[Exercise]: In the records below, the line with "weighs 19.4 lbs." and every line after it must be written out exactly; no pictures belong in the result.

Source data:
--------------------------------
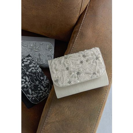 niana ニアナ フラップ部分に施した立体感のあるビーズ刺繍が目を惹くクラッチバッグ。
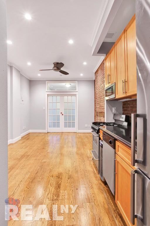 Available for August 1 occupancy!Spacious 1 bedroom, 1 bath apartment in a beautifully restored West Village pre-war building. The apartment features a decorative fireplace, luxury finishes and modern updates including a renovated kitchen with stainless steel appliances, dishwasher, and in-unit laundry. Beautiful hardwood floors throughout, high ceilings and exposed brick accent walls in most rooms. Located just steps from excellent shopping and dining, with easy access to 1/2/3/L/B/D/F/M/A/C/E subway lines, this apartment offers a perfect blend of style and convenience. Our mission at Real New York is to turn the typical moving experience on its head. Our team is filled with real people that have real expertise, combining diverse backgrounds with knowledge of a market that includes over 1,000 exclusive Real listings and access to 100% to New Yorks available apartments. From Full Service to Walk-Ups. Photos may be representative of like or kind apartments. Upfront move-in costs: $20 Application Fee (per person) First Month of Rent One-Month Security Deposit
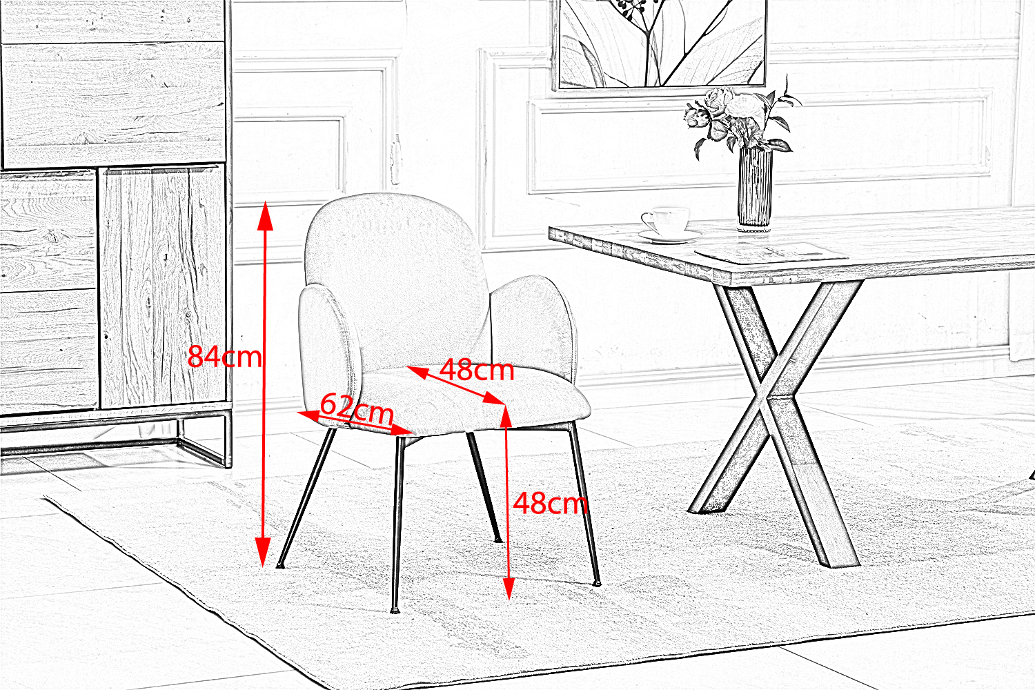 Der DEON Esszimmerstuhl von KAWOLA vereint zeitloses Design und unschlagbaren Komfort, wodurch er zum Herzstück Ihres Essbereichs wird. Der Bouclé-Bezug verleiht dem Stuhl eine besondere Anziehungskraft mit seiner gewellten Oberfläche. Großzügige Abmessungen (59 cm Breite, 62 cm Tiefe, 84 cm Höhe) ermöglichen eine perfekte Integration in verschiedene Raumgrößen. Die ergonomische Sitzhöhe von 48 cm und die großzügige Sitztiefe von 48 cm versprechen stundenlangen Komfort.
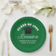 A classy custom class reunion party paper plate in green and white for a high school, college, or university. Customise with your school name and graduating class under the elegant calligraphy for great personalised alumni celebration decor.
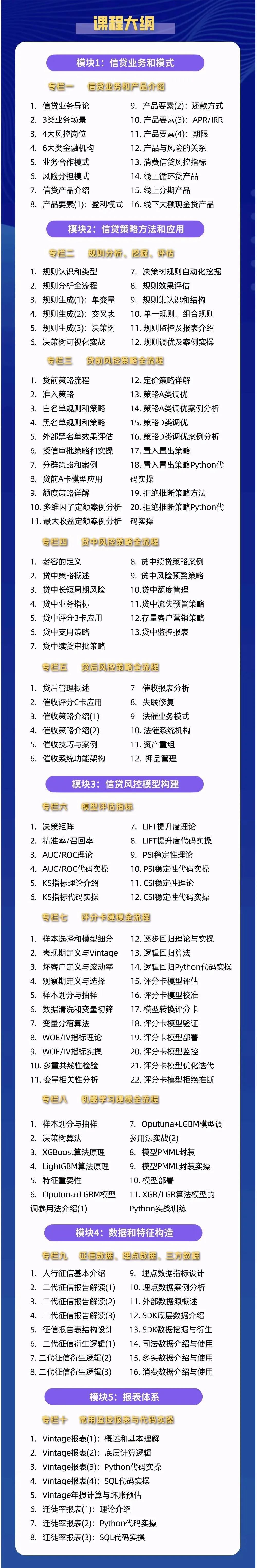 《100天风控专家》从0到1,全面介绍了信贷风控的各个环节,包括业务产品、策略、模型、数据报表、损益等”5大板块,10大专栏,150期“ 的视频课程,总课时约60h,平均每节20min,目前已更148期,下面是大纲。
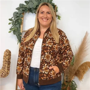K014- Bomber By One imprimé automnal (marron)
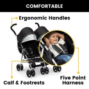 – LIGHTWEIGHT: The ultimate in convenience, this lightweight double stroller has a durable frame that only weighs 19.4 lbs.
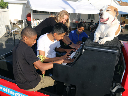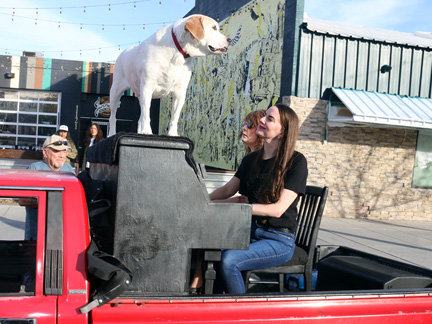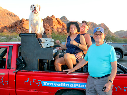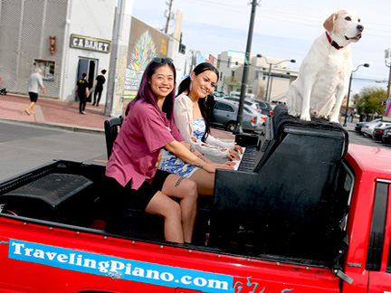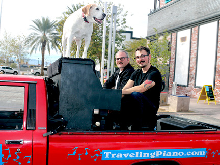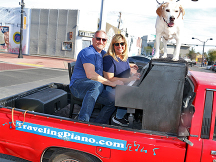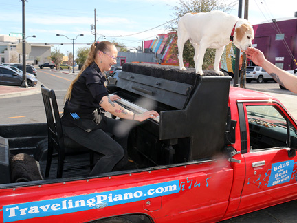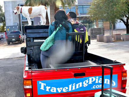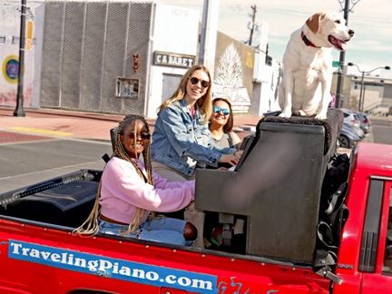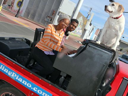 There really does not feel like anything to write about with people and the Traveling Piano that has not been written about over and over. Being in the eighteenth year, with over a hundred thousand and with over a hundred thousand people on the piano bench and having written about it every day, well... yea a lot has been said. Mo and I met a group celebrating their friends 81st Birthday today. They were not musical but love music and so the Birthday theme included musical clothing. The Traveling Piano was a perfect match for their day. They we're so wonderful and full of life and festive. And, I've not spent much time in Arts Square downtown but have been there three times over the last week or two. Every time I have met musicians willing to jump onto the Traveling Piano and that is so fulfilling! I want and need more interactions with working musicians and artists and people young and old who are enjoying life.
--------------------------------
[Exercise answer]:
 – LIGHTWEIGHT: The ultimate in convenience, this lightweight double stroller has a durable frame that only weighs 19.4 lbs.
 There really does not feel like anything to write about with people and the Traveling Piano that has not been written about over and over. Being in the eighteenth year, with over a hundred thousand and with over a hundred thousand people on the piano bench and having written about it every day, well... yea a lot has been said. Mo and I met a group celebrating their friends 81st Birthday today. They were not musical but love music and so the Birthday theme included musical clothing. The Traveling Piano was a perfect match for their day. They we're so wonderful and full of life and festive. And, I've not spent much time in Arts Square downtown but have been there three times over the last week or two. Every time I have met musicians willing to jump onto the Traveling Piano and that is so fulfilling! I want and need more interactions with working musicians and artists and people young and old who are enjoying life.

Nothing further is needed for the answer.